Las iglesias de la ciudad vieja de Edimburgo han muerto por falta de feligreses, emigrados a las áreas más cómodas de la ciudad nueva y el extrarradio. Sólo sobrevive su catedral, ahora mismo en mitad de una draconiana restauración; el resto se ha reconvertido en centros sociales, centros turísticos, y centros de todos los otros menesteres que ahora ocupan las calles adoquinadas y vertiginosas.
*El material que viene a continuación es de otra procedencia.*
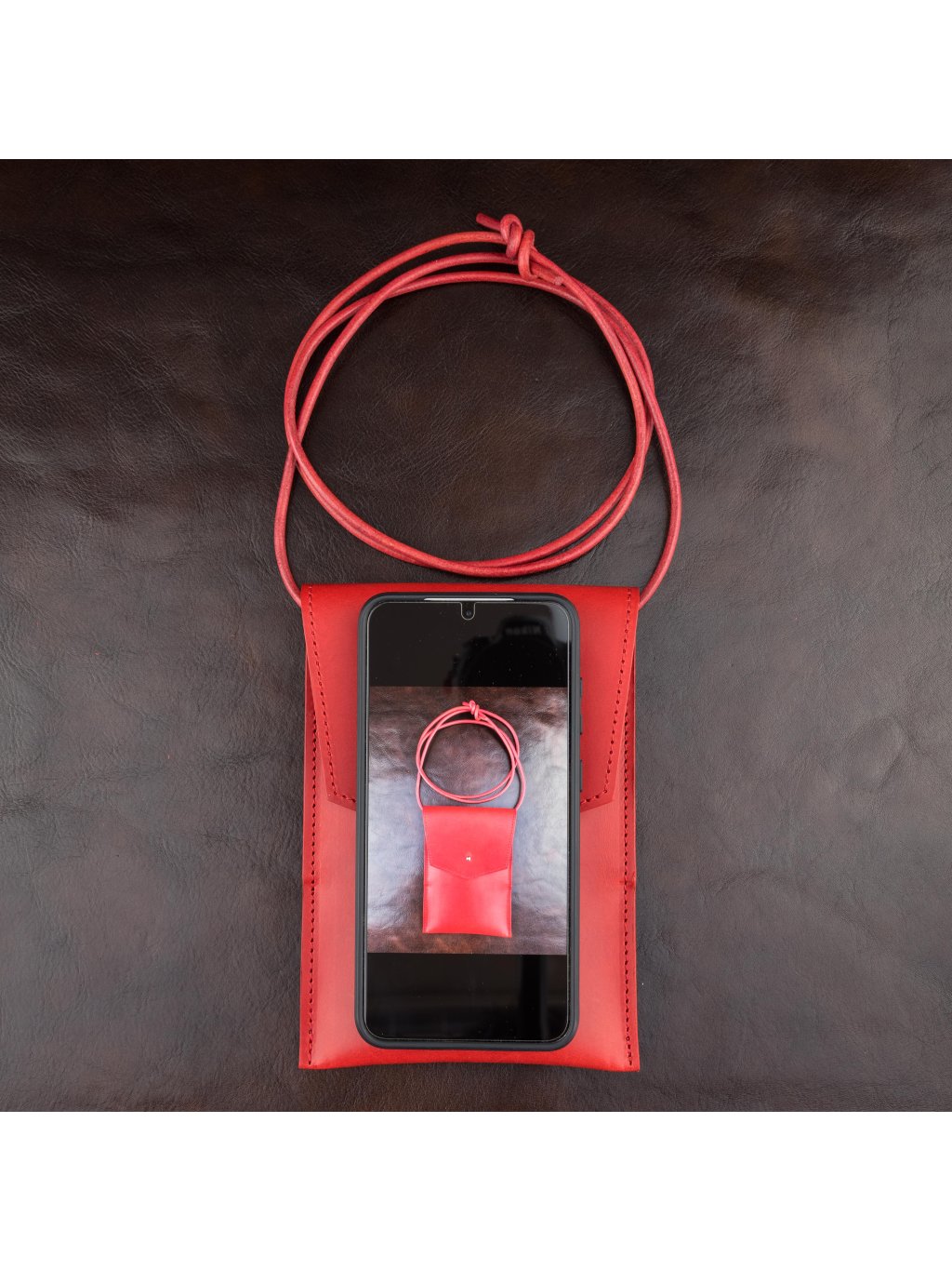 Parametry: hovězí useň o síle cca 1,5 mm, rozměry pouzdra cca 12,5 x 18 cm. Dovnitř se vejde i velký telefon Samsung S24 Plus v silikonovém pouzdře, takže se tam vejde prakticky každý mobil. Délka šňůrky vč. uzlíků 140 cm (lze libovolně regulovat).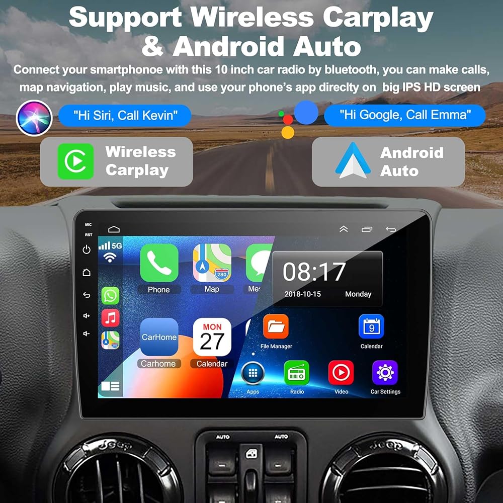 【Carplay Wiredely Carplay & Android Auto】 هذا الجيب Wrangler/ JK Compass/ Grand Cherokee/ Dodge Ram/ Chrylser Car Player يتوافق مع CarPlay IOS و Android Auto يمكن أن يسمح لك باستخدام هاتفك على الشاشة الكبيرة بسلاسة ، يمكنك إجراء مكالمات يديك -بمساعدة من Siri أو Goo-bed مساعدة ، من السهل الحصول على جهات اتصال هاتفية ، ورسائل البريد الإلكتروني ، والإشعارات ، والتنقل في الخرائط ، والموسيقى ، ومقاطع الفيديو ، والمزيد. وهذا يعني أنه يمكنك التركيز أكثر على السلامة على الطرق أثناء القيادة!

Edimburgo tiene un monumento al espíritu nacional escocés consistente en una hilera de columnas… griegas. La idea inicial era hacer un algo tipo Partenón (más typical Scottish aún, como ven), pero se bebieron el presupuesto; lo cual, si se piensa bien (y como admiten con encantador desparpajo los escoceses) es un excelente monumento al espíritu nacional escocés.
El Castillo de Edimburgo, encaramado en la rompiente de un glaciar (ventajas de que te enseñe la ciudad un geólogo, rabia rabiña), es un enorme conglomerado de edificaciones, capillas, torretas, castilletes, patios, y barbacanas defensivas, cuidadosamente momificadas para los turistas, a quienes se machaca por activa y por pasiva con la corona de Escocia (que se puede ver, por cierto, en el castillo, y que tiene pinta de pesar más que el fudge) y los sospechosos habituales, ya saben, María de Escocia, su hijo, y Sir Walter Scott. Cuyo monumento es una de esas agujas neogóticas negras de las que hablaba antes.
Edimburgo tiene la tienda de fósiles de Mr. Wood (¡hola, Paleofreak!), una excelente Camera Obscura (mucho más interesante de lo que parece), una leyenda canina local, y un bellísimo puente de mediados del XIX que cruza el Firth y que parece una hilera de dinosaurios vadeando el mar.
De todo esto podemos deducir, sin equivocarnos, que me encantó Edimburgo. Es una ciudad un poco desventada, un poco apuntalada por el turismo, pero con mucha personalidad y perfectamente manejable para el turista novato.
Las fotos, próximamente en Flickr, y que no os pase ná.